The number of CT-Covid and CT-Non Covid images available publicly were only 349 and 397. There are so many images that are available online in various database repositories but due to so many restrictions imposed by the hospitals we were unable to retrieve the images. So, to train the CNN or Machine Learning model we used Data Augmentation to generate all kind of possible images from a pre-defined training set. This helps the model to not overfit and to produce high accuracy score by training under all possible scenarios. Initially we used Machine Learning models like K-Nearest Neighbours (KNN), Support Vector Machines (SVM), Logistic Regression, Decision Trees etc but these models failed to produce high accuracy even after performing Hyper parameter tuning. The KNN model produced a highest accuracy score of 64% when k=7 and distance metric is Manhattan. The Logistic Regression achieved a highest accuracy score of 60% when we set the hyper-parameter number of iterations to 1000. The SVM algorithm achieved a accuracy score of 63% and finally the Decision Trees failed to execute in the allowed time because the size of each input image is 480x480, there are nearly 2000 images so the model failed to create decision trees in the allowed time complexity.
Finally we have implemented the CNN model by loading all the original and generated images, then all the images are re- scaled to same shape because each image has different size and then the images are appended with the labels(0 for Non-Covid and 1 for Covid). After labelling the images we have split and shuffled the images for training(80%) and testing(20%) the CNN model.

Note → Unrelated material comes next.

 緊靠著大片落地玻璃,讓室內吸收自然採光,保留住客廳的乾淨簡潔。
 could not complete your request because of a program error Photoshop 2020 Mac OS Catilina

The complete details about the Project and the Dataset can be found in the following link: https://github.com/ruthvikraja/COVID-19-CT

The Final Results are as Follows:

The accuracy score of the CNN model can be further increased by implementing Transfer Learning and Hyper Parameter Tuning.

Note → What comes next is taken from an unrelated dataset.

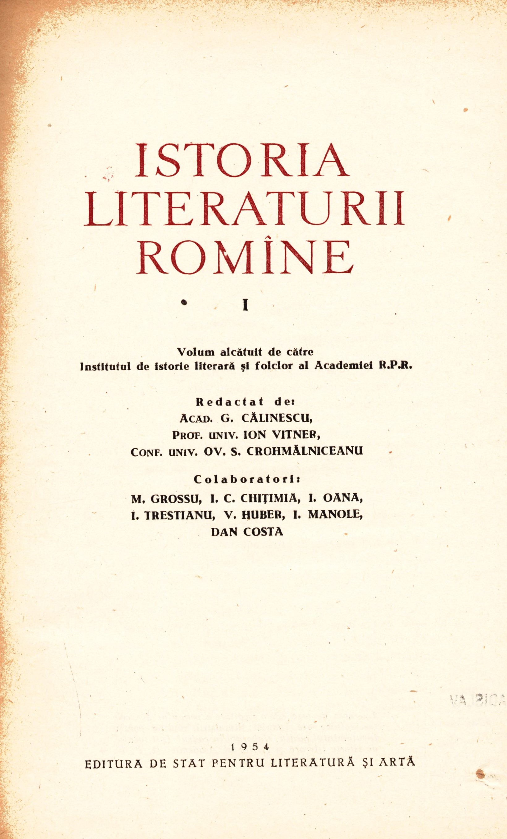 1. Title informationIstoria literaturii romîne. I / redactat de G. Călinescu ; prof. univ. Ion Vitner ; conf. univ. Ov. S. Crohmălniceanu

import matplotlib.pyplot as plt # Importing all the necessary libraries
import cv2
import os
import tensorflow as tf
from tensorflow import keras
import numpy as np
import random

def read_txt(txt_path): # This function will return a list of data that is present in the text file.
    with open(txt_path) as f:
        lines = f.readlines()
    txt_data = [line.strip() for line in lines]
    return txt_data


def load_images_from_folder(folder,lst): # This function will return all the images that are matched with the names present in lst 
    images = []
    for filename in os.listdir(folder):
        #print(filename);
        if(filename in lst):
         img = cv2.imread(os.path.join(folder,filename),0) # consists of 3 channels so, converting it into a gray scale image
         if img is not None:
            images.append(img)
    return images


# Non-COVID images for Training

x1=read_txt("/Users/ruthvikrajam.v/Desktop/text_files/trainCT_NONCOVID.txt"); 
x2=read_txt("/Users/ruthvikrajam.v/Desktop/text_files/valCT_NONCOVID.txt");

x3=x1+x2 # Combining training and validation text files

x1_images=load_images_from_folder("/Users/ruthvikrajam.v/Desktop/images/CT_NONCOVID",x3)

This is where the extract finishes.